In the current situation at hand, you can imagine that
some pointers to the datastructure will nevertheless
still remain, so that I can kind of have a historical
view of what happened with the stack.

This historical view is easiest implemented by an immutable
data structure, but its performance hinges on the fact how
good the sharing works. Same holds for the queue. If a push()
were to copy the full stack I would get a lame application.

Bye

 

[Eric Sosman]

Well it has to be seen in the context of garbage collection.
For example the immutable stack can have a good performance.
For push you just grab a new stack cell from the heap.
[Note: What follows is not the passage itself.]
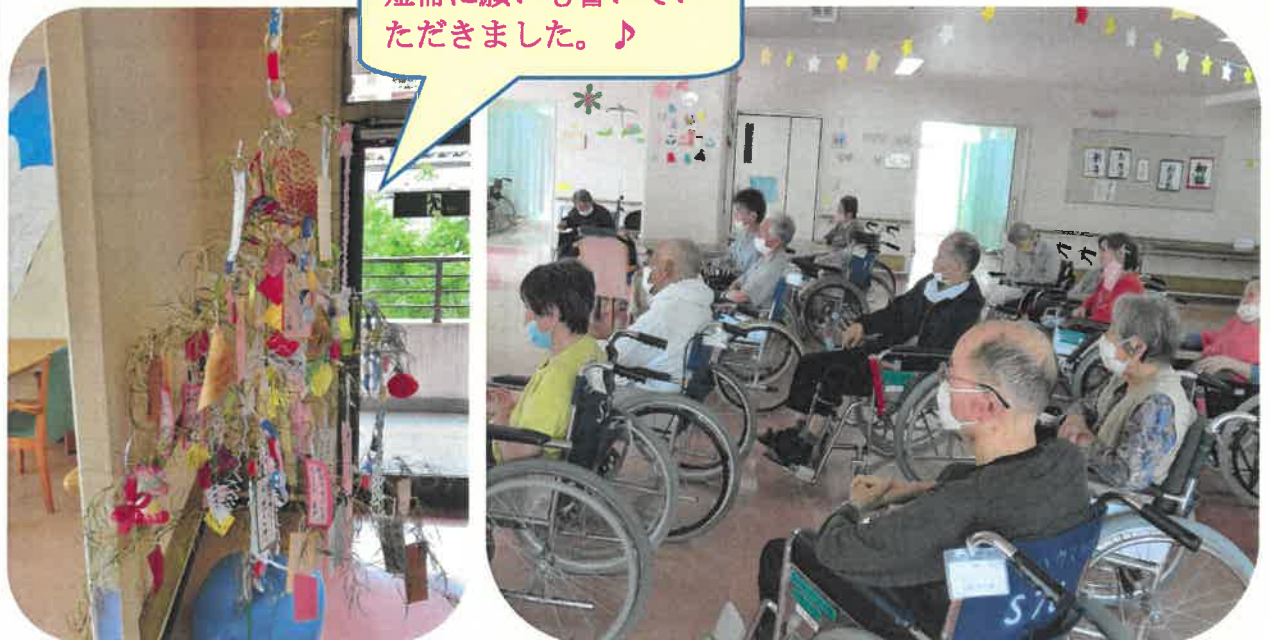
短冊に願いも書いていただきました。♪

7月の行事会は各フロアにてDVD鑑賞を行いました。笑点やドリフのコントなどを見ていただきました。 「大きなスクリーンで見れて楽しかった。」「普段見られないものがたくさん見れた。」と、いつもより大きめの画面で見られることを喜んでくださった方も多かったです。 今回は体を動かす行事会ではありませんでしたが、ゆったりと鑑賞できる機会を思い思いに楽しまれていた様子です。

First, "stack" and "queue" are not usually thought of as
synonyms. Second, I don't see what immutability has to do with
the queue's or stack's internal memory management -- especially
if the claimed performance benefits are only seen when mutations
occur! Third, have you looked at LinkedList?

In the current situation at hand, you can imagine that
some pointers to the datastructure will nevertheless
still remain, so that I can kind of have a historical
view of what happened with the stack.

The obvious way to represent the history of a stack is to
build a tree. For queues (which is what you asked about), the
situation is less obvious -- One can, of course, implement a
queue as a pair of stacks and keep histories of the stacks, but
it's not clear that such a history would be useful.

This historical view is easiest implemented by an immutable
data structure,[...]

Why? How is this superior to a tree? What advantage does
immutability grant? And what happened to queues?

 

[Andreas Leitgeb]

In the current situation at hand, you can imagine that
some pointers to the datastructure will nevertheless
still remain, so that I can kind of have a historical
view of what happened with the stack.

An immutable stack is quite simple to roll one's own: just a
single-linked list.
An immutable queue is not all that trivial, wrt being able to
add further elements.

Most likely the actually precious and memory-consuming parts of
any stack or queue is the actual payload: the elements, and Java
helps you very well, anyway, to keep those shared.

 

[Jan Burse]

Why? How is this superior to a tree?

I don't know what you mean by tree. Via the immutable stack
also a tree arises. Known as spaghetti stack:

http://en.wikipedia.org/wiki/Spaghetti_stack

Lets write [a,b,c] for new Stack("a",new Stack("b",new Stack("c",null))).

x = [a,b,c];
y = x.pop();
z = y.push(d);

Gives you the following tree, I have indicated the variable
pointers by a colon ):

x : a z : d
\ /
y : b
|
c

What advantage does immutability grant?

Immutability grants that the tree does not change, but only
grow. And only the variable pointers might change. And via
GC the tree might also shrink in memory.

And what happened to queues?

Just the other operations. Instead of the operations push/pop,
we have the operations enqueue/dequeue. I don't know whether
historical data picture has a special name. My picture so far
is the same as in a supermarket:

people queing, imagine a supermarket filmed and then
run 8x times faster or some such.

But no graph theoretic name for it... Sniff.

Bye

 

[Arne Vajhøj]

Your answer does not speak to the inherent contradiction in the term "immutable stack".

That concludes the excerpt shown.